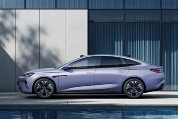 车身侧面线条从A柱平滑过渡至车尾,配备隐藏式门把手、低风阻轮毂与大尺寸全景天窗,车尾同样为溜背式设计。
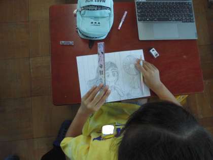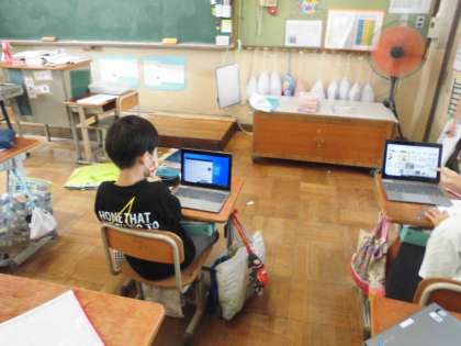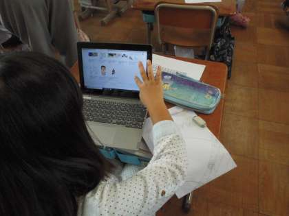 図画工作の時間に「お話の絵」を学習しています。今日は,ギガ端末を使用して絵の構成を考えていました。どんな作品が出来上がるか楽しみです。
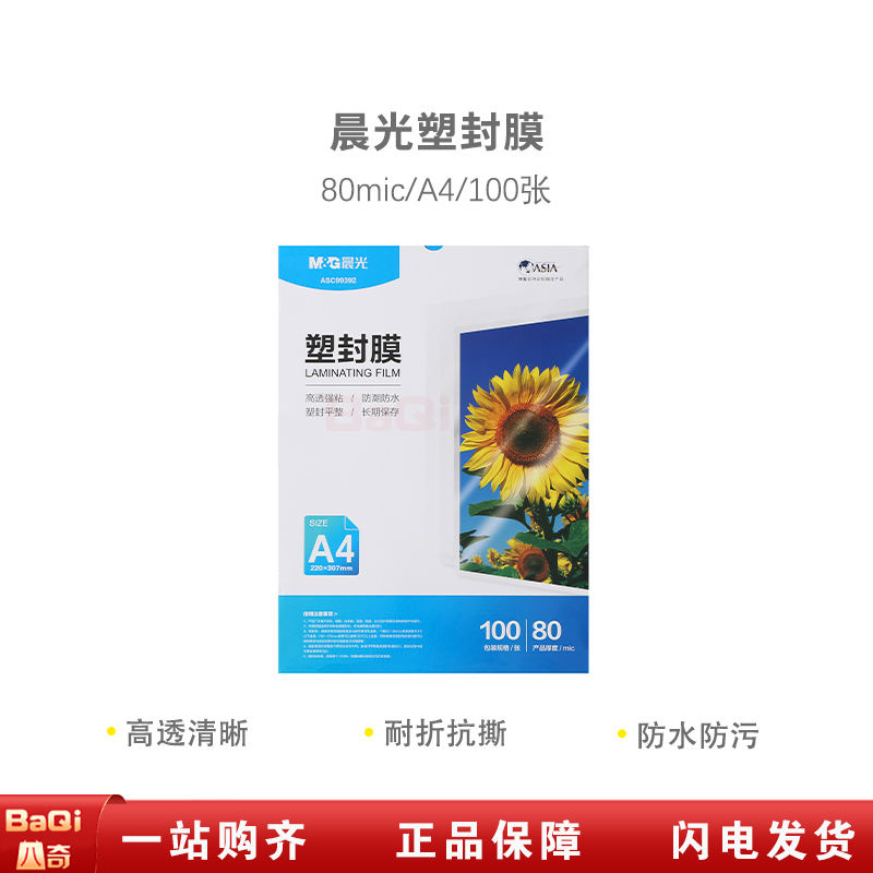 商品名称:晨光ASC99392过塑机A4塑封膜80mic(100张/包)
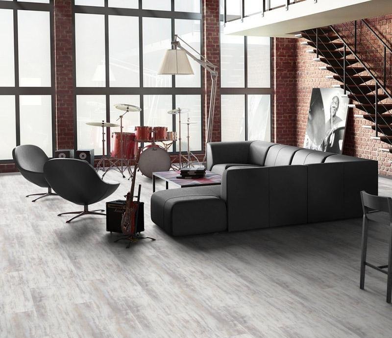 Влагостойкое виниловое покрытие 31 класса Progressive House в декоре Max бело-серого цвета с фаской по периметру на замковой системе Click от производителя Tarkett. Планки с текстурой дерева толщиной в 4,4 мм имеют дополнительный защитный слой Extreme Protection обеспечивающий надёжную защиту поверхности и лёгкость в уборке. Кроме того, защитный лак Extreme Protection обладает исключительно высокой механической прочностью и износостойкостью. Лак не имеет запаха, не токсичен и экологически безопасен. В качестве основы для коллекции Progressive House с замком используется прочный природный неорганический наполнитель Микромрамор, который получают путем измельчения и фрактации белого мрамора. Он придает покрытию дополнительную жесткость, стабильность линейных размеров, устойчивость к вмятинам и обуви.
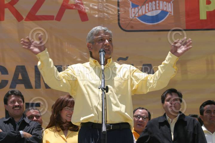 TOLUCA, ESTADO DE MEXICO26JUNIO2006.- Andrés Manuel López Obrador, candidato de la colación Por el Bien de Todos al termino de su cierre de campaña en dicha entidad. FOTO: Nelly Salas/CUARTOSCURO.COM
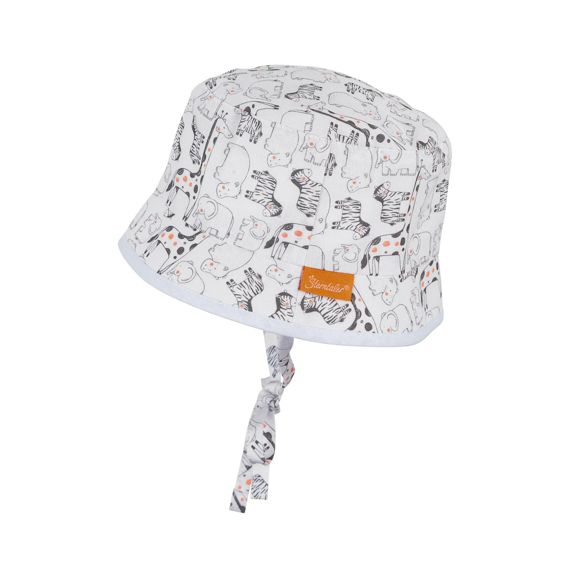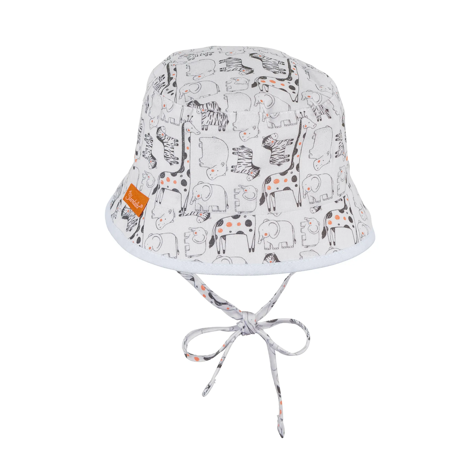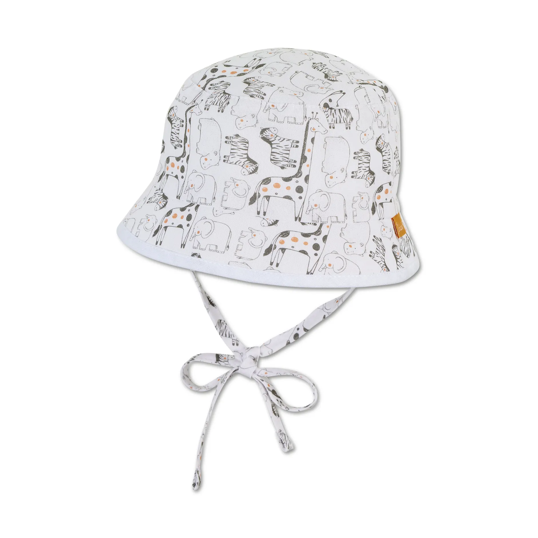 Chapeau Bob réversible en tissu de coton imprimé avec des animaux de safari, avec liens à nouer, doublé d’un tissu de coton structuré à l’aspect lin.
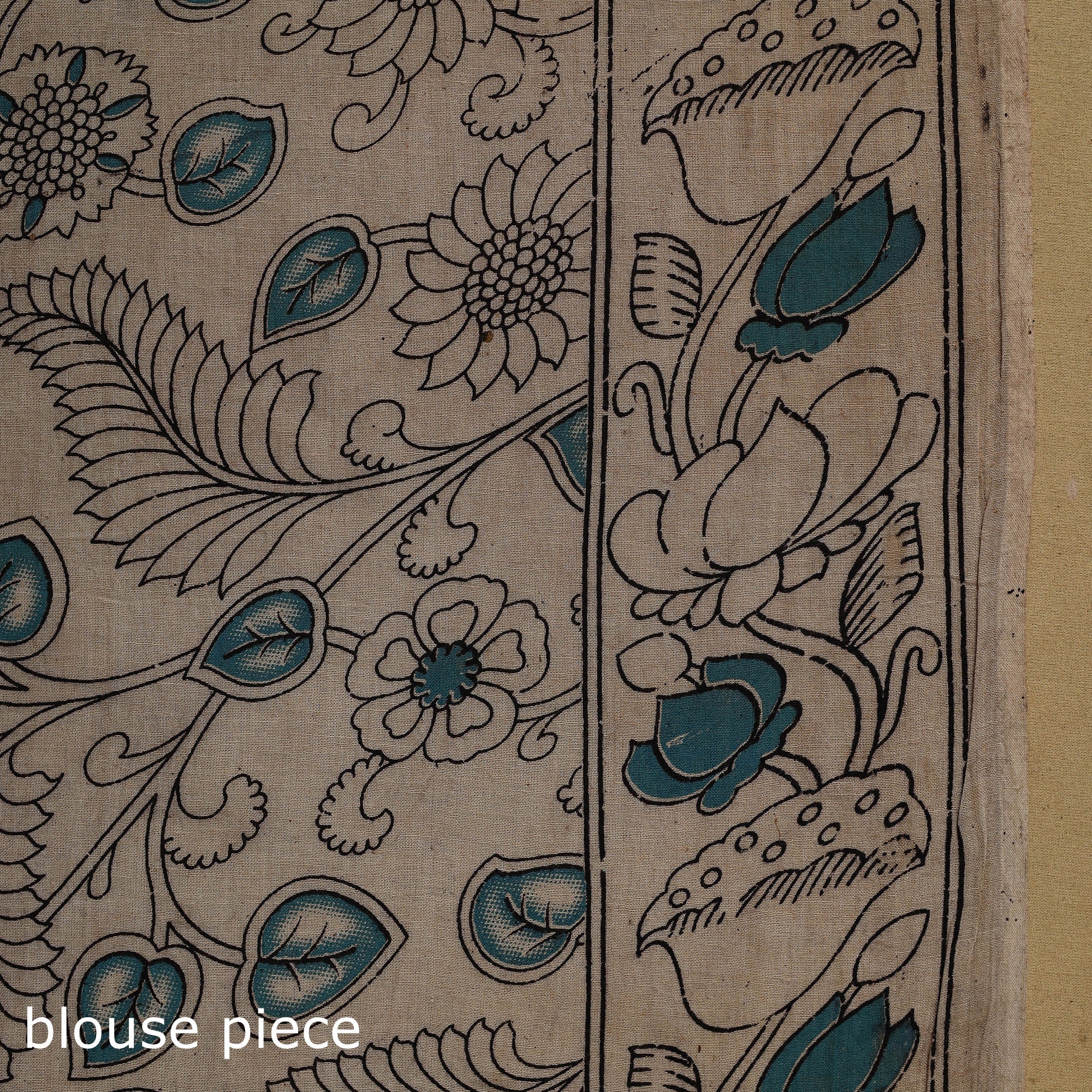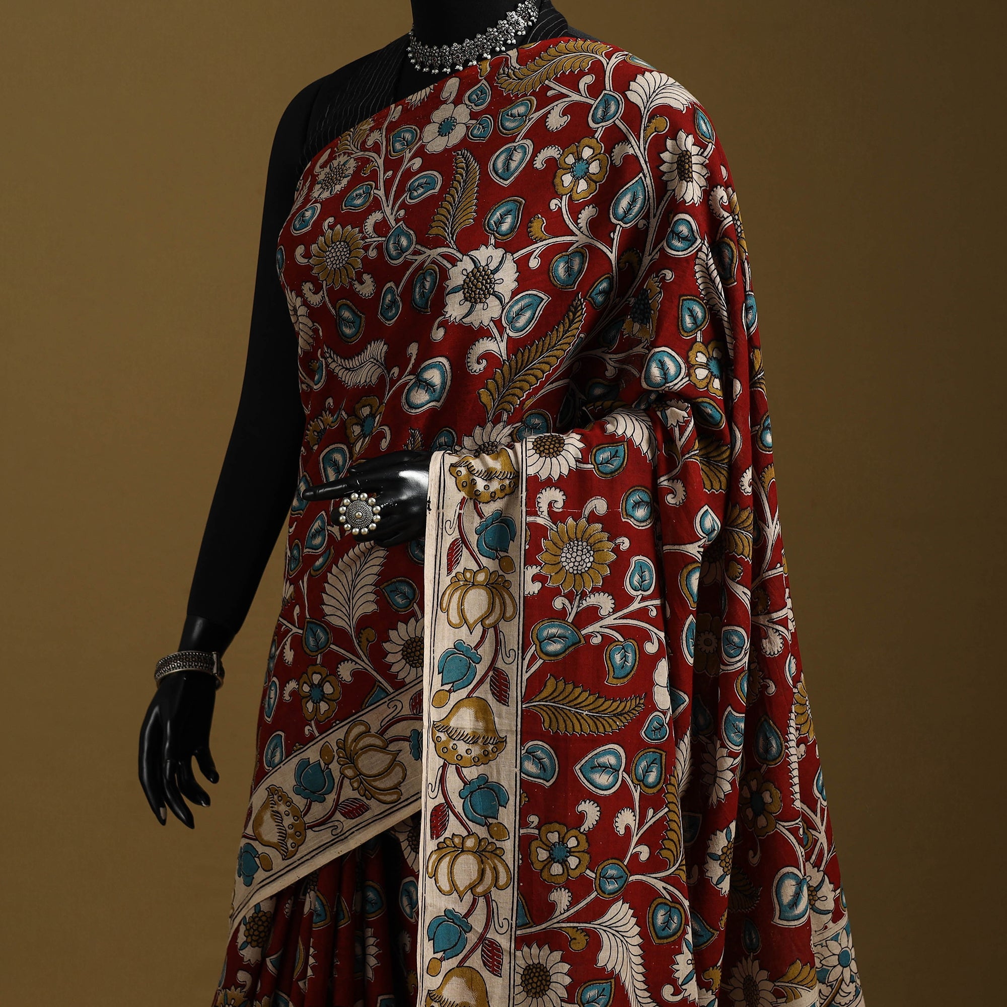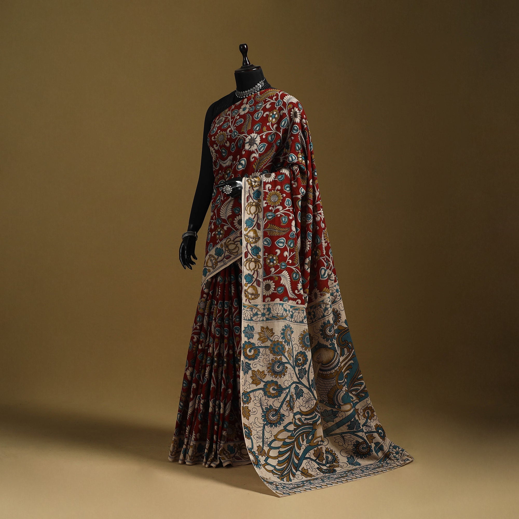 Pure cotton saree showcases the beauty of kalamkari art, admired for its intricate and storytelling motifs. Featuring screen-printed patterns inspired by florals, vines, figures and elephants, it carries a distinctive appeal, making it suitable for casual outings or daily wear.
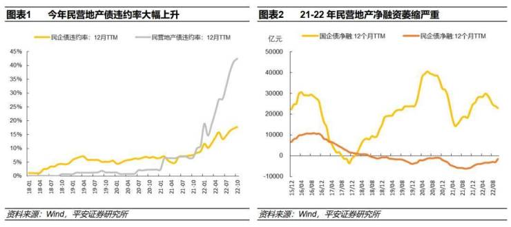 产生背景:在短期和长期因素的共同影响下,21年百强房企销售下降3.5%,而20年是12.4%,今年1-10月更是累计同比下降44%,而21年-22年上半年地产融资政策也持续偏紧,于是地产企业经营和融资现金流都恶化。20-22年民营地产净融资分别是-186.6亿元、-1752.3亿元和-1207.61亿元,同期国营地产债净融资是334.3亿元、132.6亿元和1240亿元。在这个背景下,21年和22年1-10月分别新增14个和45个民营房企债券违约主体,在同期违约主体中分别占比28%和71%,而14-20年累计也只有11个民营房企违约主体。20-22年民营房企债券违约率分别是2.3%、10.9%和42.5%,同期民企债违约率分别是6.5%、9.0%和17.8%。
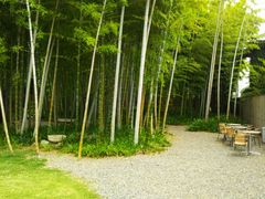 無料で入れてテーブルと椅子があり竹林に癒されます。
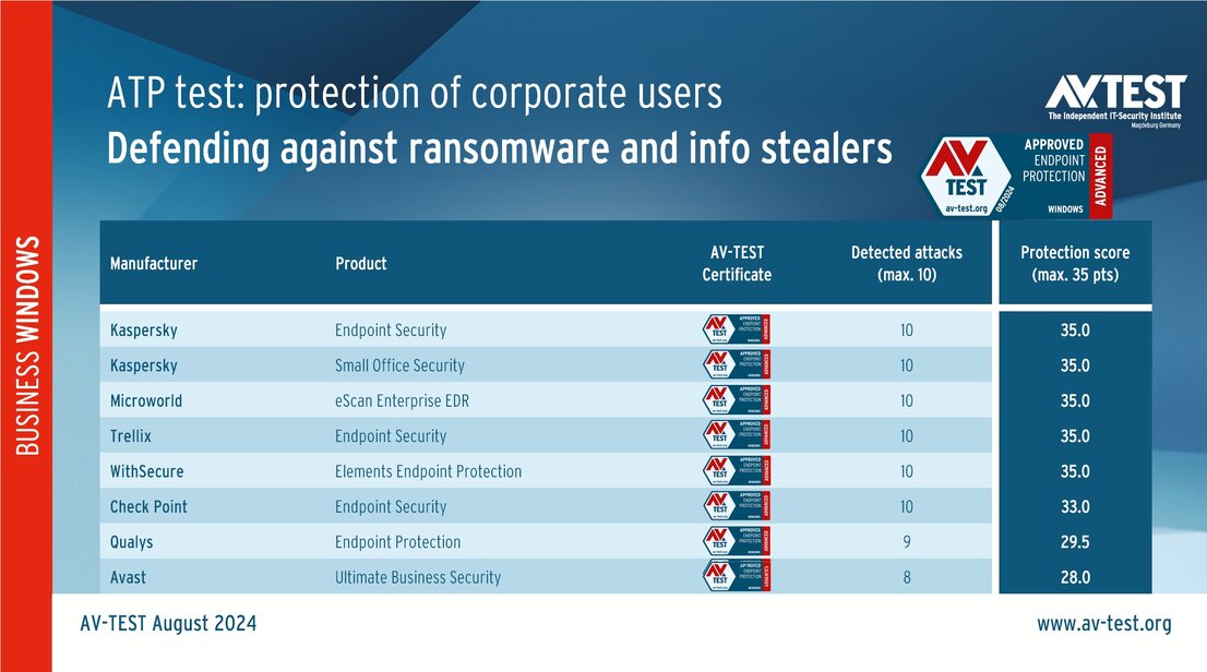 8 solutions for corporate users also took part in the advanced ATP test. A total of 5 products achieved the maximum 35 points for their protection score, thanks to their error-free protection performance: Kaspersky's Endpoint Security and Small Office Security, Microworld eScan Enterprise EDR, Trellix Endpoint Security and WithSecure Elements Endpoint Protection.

= = = = =

Repeat the data exactly, without the pictures.

● **Problem solution**:
 车身侧面线条从A柱平滑过渡至车尾,配备隐藏式门把手、低风阻轮毂与大尺寸全景天窗,车尾同样为溜背式设计。
 図画工作の時間に「お話の絵」を学習しています。今日は,ギガ端末を使用して絵の構成を考えていました。どんな作品が出来上がるか楽しみです。
 商品名称:晨光ASC99392过塑机A4塑封膜80mic(100张/包)
 Влагостойкое виниловое покрытие 31 класса Progressive House в декоре Max бело-серого цвета с фаской по периметру на замковой системе Click от производителя Tarkett. Планки с текстурой дерева толщиной в 4,4 мм имеют дополнительный защитный слой Extreme Protection обеспечивающий надёжную защиту поверхности и лёгкость в уборке. Кроме того, защитный лак Extreme Protection обладает исключительно высокой механической прочностью и износостойкостью. Лак не имеет запаха, не токсичен и экологически безопасен. В качестве основы для коллекции Progressive House с замком используется прочный природный неорганический наполнитель Микромрамор, который получают путем измельчения и фрактации белого мрамора. Он придает покрытию дополнительную жесткость, стабильность линейных размеров, устойчивость к вмятинам и обуви.
 TOLUCA, ESTADO DE MEXICO26JUNIO2006.- Andrés Manuel López Obrador, candidato de la colación Por el Bien de Todos al termino de su cierre de campaña en dicha entidad. FOTO: Nelly Salas/CUARTOSCURO.COM
 Chapeau Bob réversible en tissu de coton imprimé avec des animaux de safari, avec liens à nouer, doublé d’un tissu de coton structuré à l’aspect lin.
 Pure cotton saree showcases the beauty of kalamkari art, admired for its intricate and storytelling motifs. Featuring screen-printed patterns inspired by florals, vines, figures and elephants, it carries a distinctive appeal, making it suitable for casual outings or daily wear.
 产生背景:在短期和长期因素的共同影响下,21年百强房企销售下降3.5%,而20年是12.4%,今年1-10月更是累计同比下降44%,而21年-22年上半年地产融资政策也持续偏紧,于是地产企业经营和融资现金流都恶化。20-22年民营地产净融资分别是-186.6亿元、-1752.3亿元和-1207.61亿元,同期国营地产债净融资是334.3亿元、132.6亿元和1240亿元。在这个背景下,21年和22年1-10月分别新增14个和45个民营房企债券违约主体,在同期违约主体中分别占比28%和71%,而14-20年累计也只有11个民营房企违约主体。20-22年民营房企债券违约率分别是2.3%、10.9%和42.5%,同期民企债违约率分别是6.5%、9.0%和17.8%。
 無料で入れてテーブルと椅子があり竹林に癒されます。
 8 solutions for corporate users also took part in the advanced ATP test. A total of 5 products achieved the maximum 35 points for their protection score, thanks to their error-free protection performance: Kaspersky's Endpoint Security and Small Office Security, Microworld eScan Enterprise EDR, Trellix Endpoint Security and WithSecure Elements Endpoint Protection.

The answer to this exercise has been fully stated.